WHAT THE EXERCISE ASKS -> Exactly the lines from the first line of the records to the line holding "从资金流向上来看,当日农业综" should be duplicated, and nothing more; pictures stay out.

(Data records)

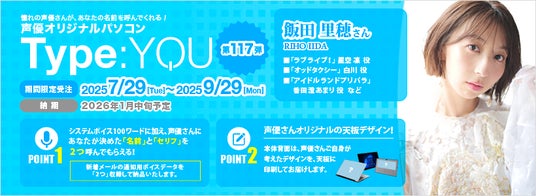 今回ご登場いただく声優さんは、『ラブライブ!』星空凛役、『オッドタクシー』白川役や『アイドルランドプリパラ』 香田澄あまり役などでご活躍の飯田里穂さんです。2025年7月にデビュー25周年、アーティスト活動10周年の節目を迎えた飯田里穂さん。長年応援してくれているファンの皆さまからの個別収録リクエストにお応えできる声優オリジナルパソコンをこの度の記念モデルとして期間限定受注いたします。
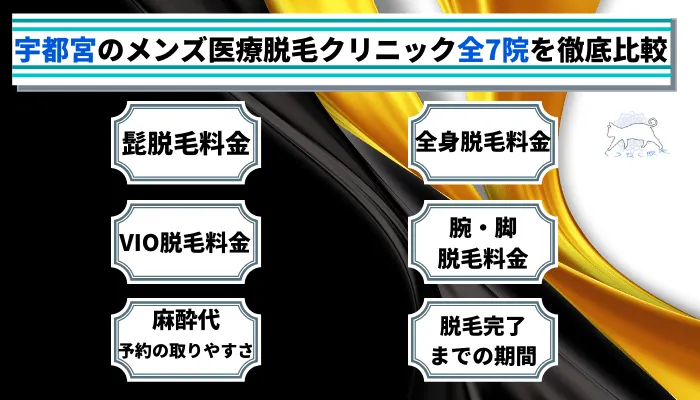 早速、宇都宮でメンズ脱毛を行っている医療脱毛クリニック全7院の料金や特徴を比較表でチェックしましょう。
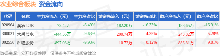 从资金流向上来看,当日农业综合板块主力资金净流出1341.59万元,游资资金净流入211.47万元,散户资金净流入1130.12万元。农业综合板块个股资金流向见下表:
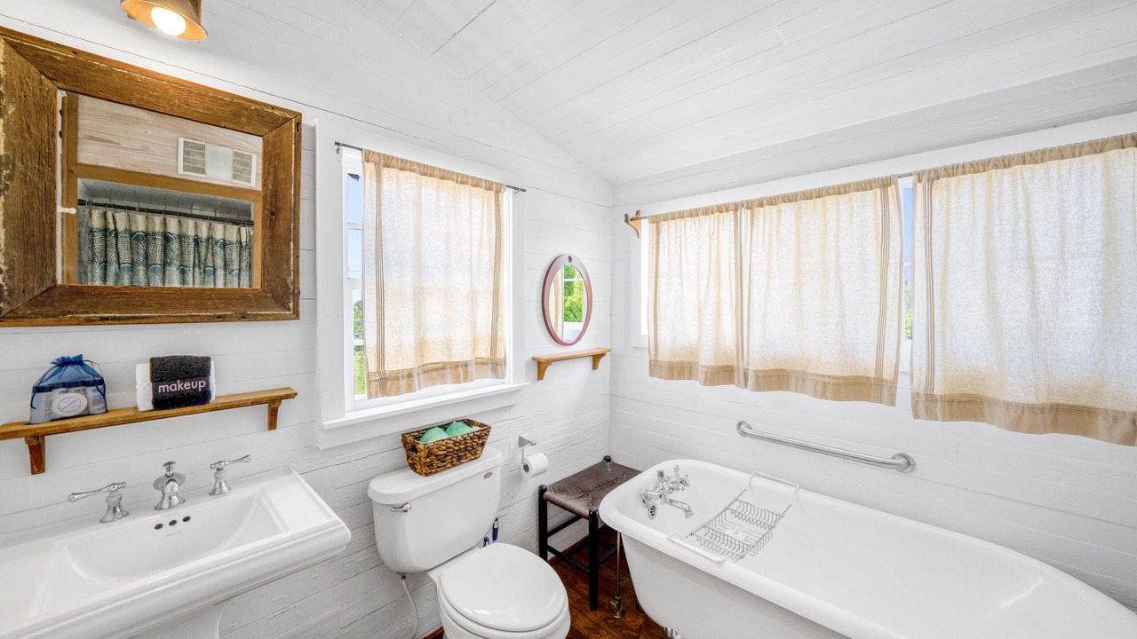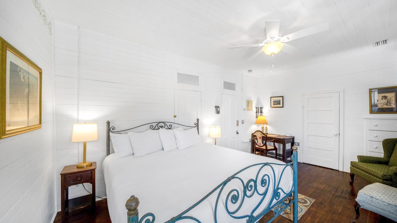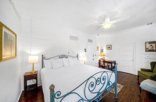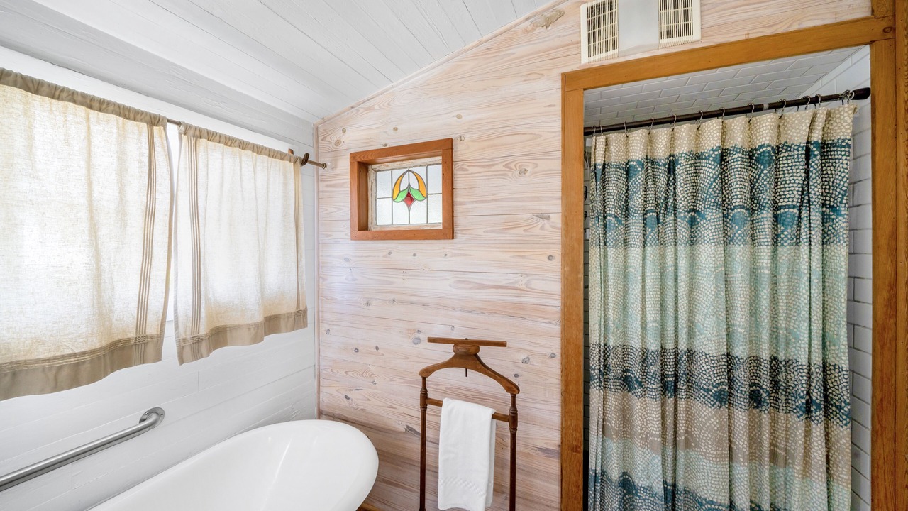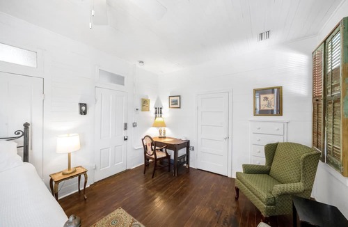 Enter Gorrie's Getaway, where privacy meets historic charm at the Bowery Inn in downtown Apalachicola. Enjoy the beautiful river views directly from your room via French doors that open to a large deck. Relax in your king-size room featuring a clawfoot bathtub and contemporary conveniences like power outlets and USB ports, offering you a comfortable and connected stay.
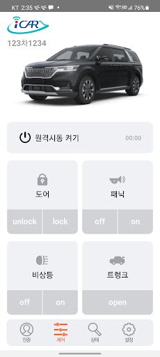 차량 제어 – 차량의 시동/끄기, 문 열림/잠김, 비상등/경고음 켜기, 후열, 저전압 시동, 후진 경고등, 충격 감지 등의 서비스를 원격으로 제어하고 확인할 수 있도록 서비스 제공.
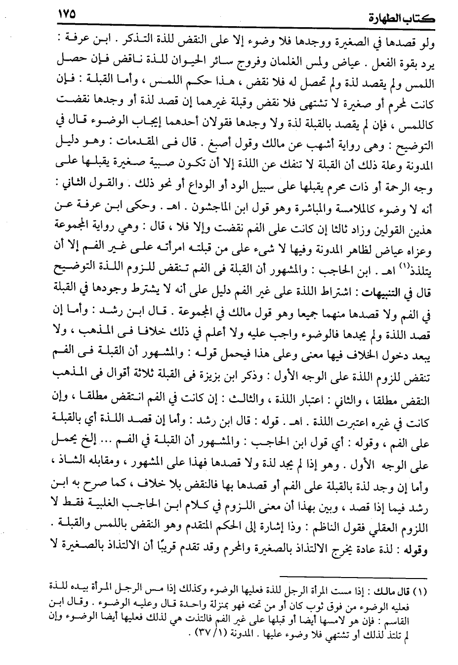 ولو قصدها في الصغيرة ووجدها فلا وضوء إلا على النقض للذة التذكر ابن عرفة يرد بقوة الفعل عياض ولمس الغلمان وفروج سائر الحيوان للذة ناقض فإن حصل اللمس ولم يقصد لذة ولم تحصل له فلا نقض هذا حكم اللمس وأما القبلة فإن كانت لمحرم أو صغيرة لاتشتهى فلا نقض وقبلة غيرهما إن قصد لذة أو وجدها نقضت كاللمس فإن لم يقصد بالقبلة لذة ولا وجدها فقولان أحدهما إيجاب الوضوء قال في التوضيح وهى رواية أشهب عن مالك وقول أصبغ قال فى المقدمات وهو دليل المدونة وعلة ذلك أن القبلة لا تنفك عن اللذة إلا أن تكون صبية صغيرة يقبلها على وجه الرحمة أو ذات محرم يقبلها على سبيل الود أو الوداع أو نحو ذلك والقول الثاني أنه لاوضوء كالملامسة والمباشرة وهو قول ابن الماجشون اهـ وحكى ابن عرفة عن هذين القولين وزاد ثالثا إن كان على الفم نقضت وإلا فلا قال وهي رواية المجموعة وعزاه عياض لظاهر المدونة وفيها لاشأ على من قبلته امرأته على غير الفم إلا أن يلتذ اهـ ابن الحاجب والمشهور أن القبلة فى الفم تنقض للزوم اللذة التوضيح قال في التنبيهات اشتراط اللذة على غير الفم دليل على أنه لايشترط وجودها في القبلة في الفم ولا قصدها منهما جميعا وهو قول مالك في المجموعة قال ابن رشد وأما إن قصد اللذة ولم يجدها فالوضوء واجب عليه ولا أعلم في ذلك خلافا فى المذهب ولا يبعد دخول الخلاف فيها معنى وعلى هذا فيحمل قوله والمشهور أن القبلة فى الفم تنقض للزوم اللذة على الوجه الأول وذكر ابن بزيزة فى القبلة ثلاثة أقوال فى المذهب النقض مطلقا والثاني اعتبار اللذة والثالث إن كانت في الفم انتقض مطلقا وإن كانت في غيره اعتبرت اللذة اهـ قوله قال ابن رشد وأما إن قصد اللذة أي بالقبلة على الفم وقوله أي قول ابن الحاجب والمشهور أن القبلة في الفم الخ يحمل على الوجه الأول وهو إذا لم يجد لذة ولا قصدها فهذا على المشهور ومقابله الشاذ وأما إن وجد لذة بالقبلة على الفم أو قصدها بها فالنقض بلا خلاف كما صرح به ابن رشد فيما إذا قصد وبين بهذا أن معنى اللزوم في كلام ابن الحاجب الغلبية فقط لا اللزوم العقلي فقول الناظم وذا إشارة إلى الحكم المتقدم وهو النقض باللمس والقبلة وقوله لذة عادة يخرج الالتذاذ بالصغيرة والمحرم وقد تقدم قريبا أن الالتذاذ بالصغيرة لا
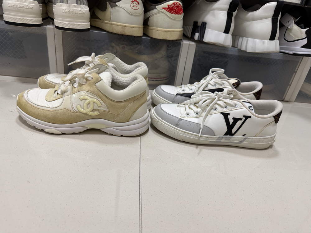1.정품 샤넬 CC 로고 스웨이드 스니커즈 베이지 색상 399000원판매 아무옷에나 잘 어울리고 너무 이쁜데 사용감이 사진처럼 많아서 급처합니다 세탁비도 뺏어요~~ 200만원정도 구매한거같아여 2.정품 루이비통 찰리스니커즈 가죽이고 뒤에도 이쁘고 옆도 이쁜데 사진처럼 사용감있어요 36만원판매 160정도에 구매한거같아요 둘다 정품 신발단품 37사이즈 235가 잘맞음 전 230~240사이신어요 두개다 구매시 10만원할인 76➡️66만원에 급처합니다

FINISHED EXERCISE ->
 今回ご登場いただく声優さんは、『ラブライブ!』星空凛役、『オッドタクシー』白川役や『アイドルランドプリパラ』 香田澄あまり役などでご活躍の飯田里穂さんです。2025年7月にデビュー25周年、アーティスト活動10周年の節目を迎えた飯田里穂さん。長年応援してくれているファンの皆さまからの個別収録リクエストにお応えできる声優オリジナルパソコンをこの度の記念モデルとして期間限定受注いたします。
 早速、宇都宮でメンズ脱毛を行っている医療脱毛クリニック全7院の料金や特徴を比較表でチェックしましょう。
 从资金流向上来看,当日农业综合板块主力资金净流出1341.59万元,游资资金净流入211.47万元,散户资金净流入1130.12万元。农业综合板块个股资金流向见下表:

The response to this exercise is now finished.